Er wusste nicht, wie er sich fühlen sollte, als er bemerkte, wie Sherlock ihm hinterher sprang und ihn festhielt, an sich drückte, als wenn er Will beschützen wollte.

Wieso war es Sherlock und nicht er?

Wieso hatte er das Gefühl, dass es das war, was Will von Anfang an wollte?

Von dem Moment, als er Sherlock getroffen hatte?

Wie konnte Albert eigentlich akzeptieren, dass Will diese ganze Schuld mit sich nahm, wenn er in den Tod stürzte?

Waren sie nicht gemeinsam dafür verantwortlich? Waren sie nicht zusammen in dieses Blut ihrer Opfer getränkt?

„Weißt du eigentlich, wie sehr ich dich einfach nur in meinen Armen halten will? Wie sehr ich dich liebe, seit ich dich in diesem Waisenhaus gesehen habe?“

Er wusste nicht, ob er es laut aussprach oder nur in seinen Gedanken abspielte. Er wusste, dass Will ihn sowieso nicht hörte, dafür war er zu weit weg.

Er war sich nicht einmal sicher, wie viele Wochen und Monate vergangen waren, seit diesem schicksalhaften Abend.

Er wusste, dass ewig nach Will und Sherlock gesucht wurde, um entweder zu bestätigen, dass sie tot waren oder sie lebend zu finden.

Albert war sich ziemlich sicher, dass er ihren Tod nicht akzeptieren wollte. Auch, wenn es fast unmöglich war, dass sie es überlebt hatten.

Er wusste, dass es Louis ähnlich ging, wann immer er mit ihm sprach.
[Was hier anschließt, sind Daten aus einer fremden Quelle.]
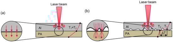 Figure 3 shows a simplified illustration of the hypothesized thermal-energy transfer of the irradiated laser beam across the interface in the case of (a) ideal flat surfaces and (b) across rough ablated Al surfaces in contact with smooth PA modeling “real life” conditions. The presence of surface asperities at the interface causes the thermal transfer by conduction to take place mostly at the points of contact [

Er wusste aber auch, dass er irgendwann nicht mehr wirklich darüber nachdachte, dass es möglich gewesen war, weil es ziemlich gering war.

Hatte er sich damit abgefunden, dass er tot war?

„Albert ...“

Überrascht öffnete er am frühen Morgen seine Augen, spürte, wie ihm jemand über die Wange strich, bemerkte langsam die Person, die neben ihm saß und ihm über die Wange streichelte. „... Will?“

„Sorry“, flüsterte er und ein Lächeln legte sich auf seine Lippen, ohne das er sich groß bewegte, sondern einfach nur zu ihm rutschte, „... für alles.“

Albert schluckte, bewegte einfach nur einen Arm über den anderen und zog ihn zu sich. „Nicht ... ich bin ... nur froh, dass es dir gut geht.“

Er bemerkte, wie William neben ihm leicht lachte, sich nur weiterhin gegen ihn drückte und sich nicht mehr von ihm befreite. „Ich habe dich vermisst ...“

„Ich habe dich auch vermisst, Will“, flüsterte Albert einfach nur, schloss seine Augen wieder, hielt ihn einfach nur bei sich.